Но вопрос «почему?» лежит в области метафизики. Самый важный вопрос – «как?». Лишь получив на него исчерпывающий ответ, можно понять «почему?». Как Жюльен докатился до такого? Как неблагополучный подросток превратился в молодого преступника? Ему приходилось постоянно возвращаться к работе по расчеловечиванию себя, к тем способам сделать это, о которых я говорил ранее. Допустим, он действовал поэтапно. На первом этапе расчеловечивание состояло в том, чтобы расправиться с собственным питомцем и животными, обитающими в округе. Ему нужно на собственном опыте убедиться в том, что он на это способен, – избавиться от всех чувств, которые «захламляют» большинство человеческих существ. Речь идет – я настаиваю на этом – не об извращенной организации личности, а об извращенной защите. Жюльен погружен в бредовый процесс и некоторым образом стремится поддерживать постепенную девитализацию, которая, как он чувствует, функционирует внутри него. Чтобы освободиться от давящей тревоги, в которой он рискует раствориться, Жюльен должен овеществлять себя, овеществляя других. По завершении этого процесса он приступает к делу: подобно ему самому, жертва больше не живое существо.
Если обратиться к криминологическому определению, нужно убить по меньшей мере трижды, чтобы, с позволения сказать, заслужить ярлык серийного убийцы. На момент нашей встречи Жюльен совершил «всего лишь» два убийства. Он еще не принадлежал к зловещему клубу.
С другой стороны, его «дебюты» в преступной деятельности не предвещали появления профиля серийного убийцы «организованного типа». Когда мужчина нападает на женщин, обычно возникает вопрос о связи этого поступка с образом матери. Однако случай с Жюльеном все же особенный, поскольку он убил женщину и двух мужчин при разных обстоятельствах. Жюльен – душевнобольной, это не «классический» серийный убийца. Последний организован, убивает незнакомых с ним жертв, принадлежащих к одной и той же категории, принимает все меры предосторожности, чтобы его не арестовали. Жюльен лишает жизни незнакомую женщину, а затем пожилого господина, которого очень любит, в то время как серийных убийц характеризует именно безразличие к жертвам.
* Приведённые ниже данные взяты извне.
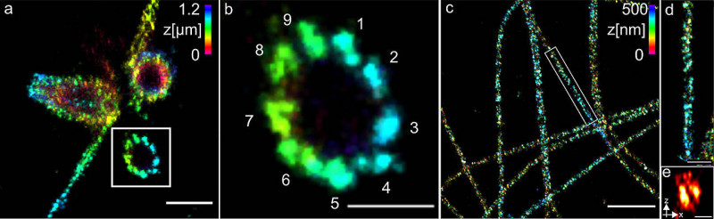 (a) Dreidimensionale Ex-dSTORM von 3,2-fach expandierten Zentriolen. Messbalken ein Mikrometer. (b) Der vergrößerte Ausschnitt aus (a) zeigt die neunfache Symmetrie der Prozentriole. Messbalken 500 Nanometer. (c) Dreidimensionale Ex-dSTORM von 3,1-fach expandierten Tubulinfilamenten. Messbalken zwei Mikrometer. (d) Die Vergrößerung aus (c) zeigt ein Tubulinfilament; Messbalken 500 Nanometer. (e) Der Querschnitt eines Tubulinfilaments zeigt dessen hohle Struktur. Messbalken 200 Nanometer. ( Team Markus Sauer / Universität Würzburg)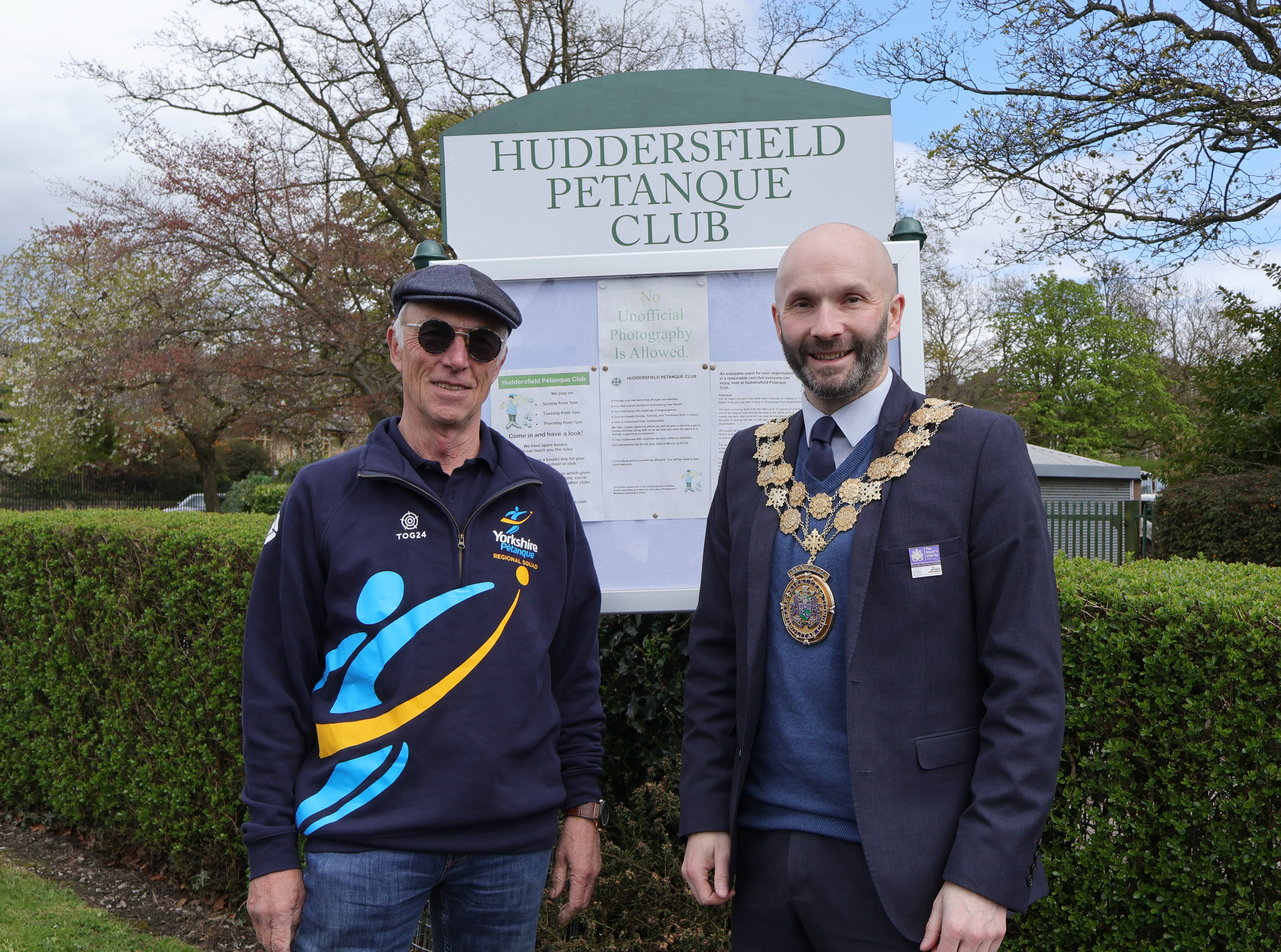 Robin, wearing his Yorkshire kit, welcomed the Mayor, Cahal Burke, and showed him around the clubhouse and the terrain.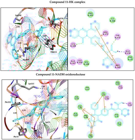 | Lys418:NZ―compound 12 | 5.93 | Tyr180―compound 12 | 4.72 | |||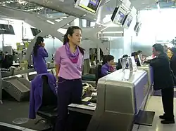 Große, internationale Fluggesellschaften unterhalten in großen Flughäfen eigene Schalter für verschiedene Arten von Fluggästen, z. B.: Luftfahrtpersonal, Reisegruppen, Standby oder Buchungsklassen (hier bei: Thai Airways in VTBS)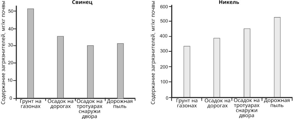 Проанализируйте диаграммы, иллюстрирующие степень загрязнения окружающей среды свинцом и никелем. Выберите все утверждения, которые можно сформулировать на основании анализа представленных данных. Запишите в ответе цифры, под которыми указаны выбранные утверждения.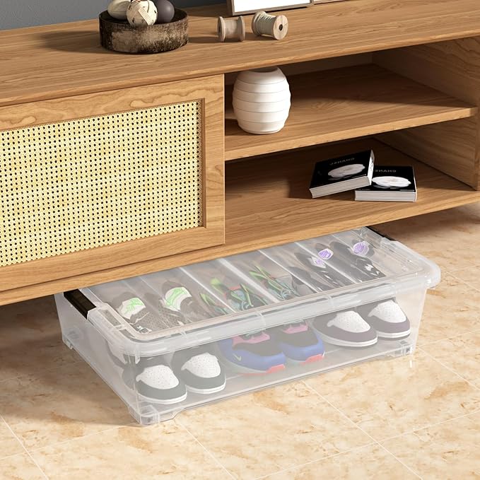 50 Quart Clear Latch Bin with Lid, Large Plastic Under Bed Storage Box, 3 Pack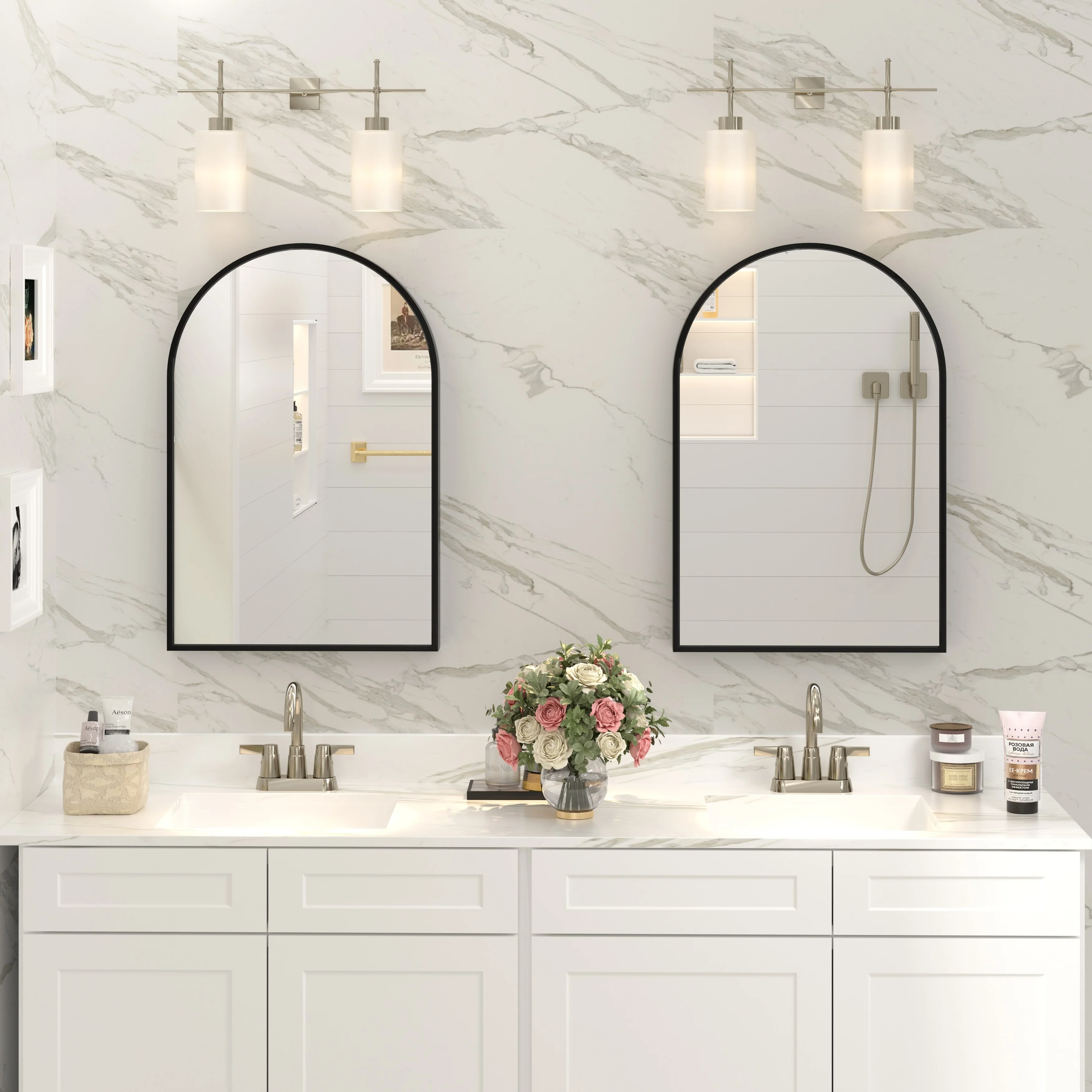 - Room: Bathroom, restroom, powder room, makeup room, living room, entryway and fireplace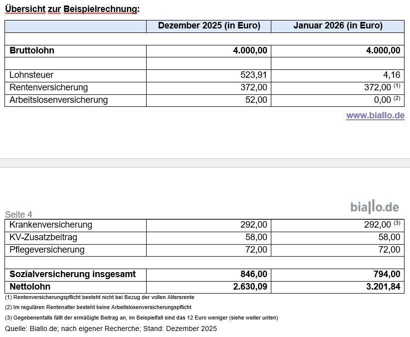 Beispiel: Elvin S., Jahrgang 1959, feierte im Oktober 2025 seinen 66. Geburtstag. Anfang Dezember hat er sein reguläres Rentenalter von 66 Jahren und zwei Monaten erreicht. Er verdient monatlich brutto 4.000 Euro. Mit seinem Arbeitgeber hat er eine unveränderte Weiterarbeit im kommenden Jahr vereinbart. Im Januar 2026 „explodiert“ sein Nettogehalt durch den neuen Aktivrenten-Freibetrag. Statt 2.630 Euro netto im Dezember stehen dann auf seinem Lohnzettel 3.202 Euro. Ein Plus von 572 Euro. Der Grund: Es fallen nur noch vier Euro Lohnsteuer an, im Dezember 2025 sind es noch 524 Euro. Gerechnet haben wir hier mit Steuerklasse I oder IV und unterstellt, dass Elvin S. nicht kinderlos ist und Rentenversicherungsbeiträge zahlt.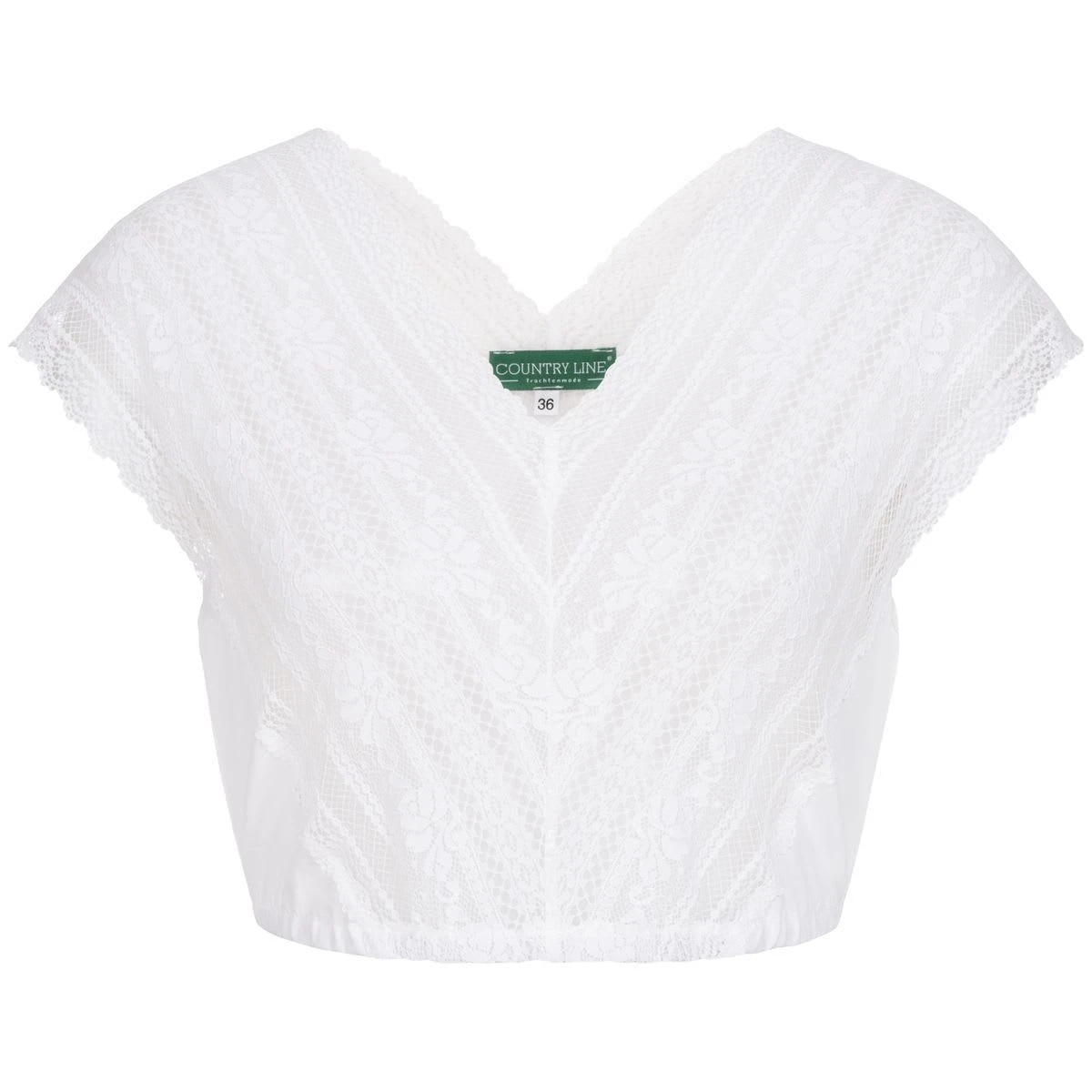 Eine wunderschöne Dirndlbluse Svenja in Weiß von Country Line. Die Dirndlbluse wurde zum größten Teil aus hübscher Spitze gefertigt. Der reizende V-Ausschnitt, spiegelt sich ebenfalls am Rücken und sorgt somit für Eleganz. Am Bund befindet sich ein eingenähtes Gummiband und kann dadurch flexibel an- und ausgezogen werden. Die Bluse besitzt keine Ärmel – dies ist total angesagt!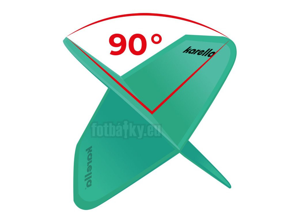 Předtvarovaná konstrukce s přesným úhlem 90° zajišťuje rovnoměrnou aerodynamiku a konzistentní let – což znamená vyšší přesnost hodů a lepší konzistenci zásahů.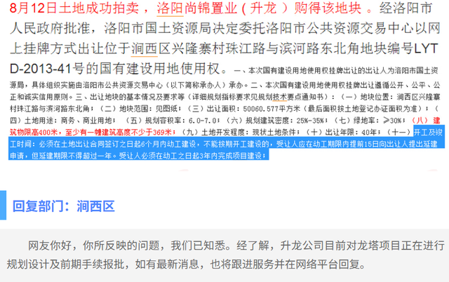 然而工程进展始终缓慢。早在2015年,就有市民询问项目为何未见实质动工,当时得到的回应是设计规划与报批手续仍在推进。到了2016年,因城市规划调整,考虑到周边交通、景观与配套等因素,该地块被确定为绿地公园范围,不再建设超高层建筑。加之业内传闻的开发商资金问题、后期限高等政策影响,多重现实因素交织,导致龙塔最终停留在蓝图阶段。

Чтобы достичь такого безразличия, Жюльену требуется предварительная работа. В итоге он умерщвляет любимого кота и человека, к которому испытывает привязанность. Второе убийство происходит в условиях, напоминающих кошмар психотических преступлений[10]
, которые в основном направлены на близких или людей, вовлеченных в эмоциональные отношения с убийцей. Отрезать голову человеку, которого любишь, – это признак психоза. Во время беседы я отмечаю еще одно отличие от «организованных» убийц: Жюльен рассказывает о своих преступлениях. Он безумен и говорит такие слова, которые серийный убийца обычно не произносит. Жюльен пытается объяснить свои поступки, придать им смысл, какими бы невероятными они ни казались.Благодаря Жюльену я задумался об одном фундаментальном механизме и попытался учитывать его при проведении экспертизы. Каким-то образом, словно ставя мир с ног на голову, человек, которого в детстве били, подвергали насилию в семье, ребенок, отвергнутый матерью, запиравшей его в туалете и проделывавшей над ним извращенные манипуляции, приобрел способность превращаться в холодное, бесчувственное, бесчеловечное существо. Это стало его лозунгом: первостепенной задачей – отрицать любые эмоции, любые чувства, навязывая другим девитализацию, которую он ощущал в себе. Кроме того, Жюльен провозглашал это расчеловечивание как выбор существования.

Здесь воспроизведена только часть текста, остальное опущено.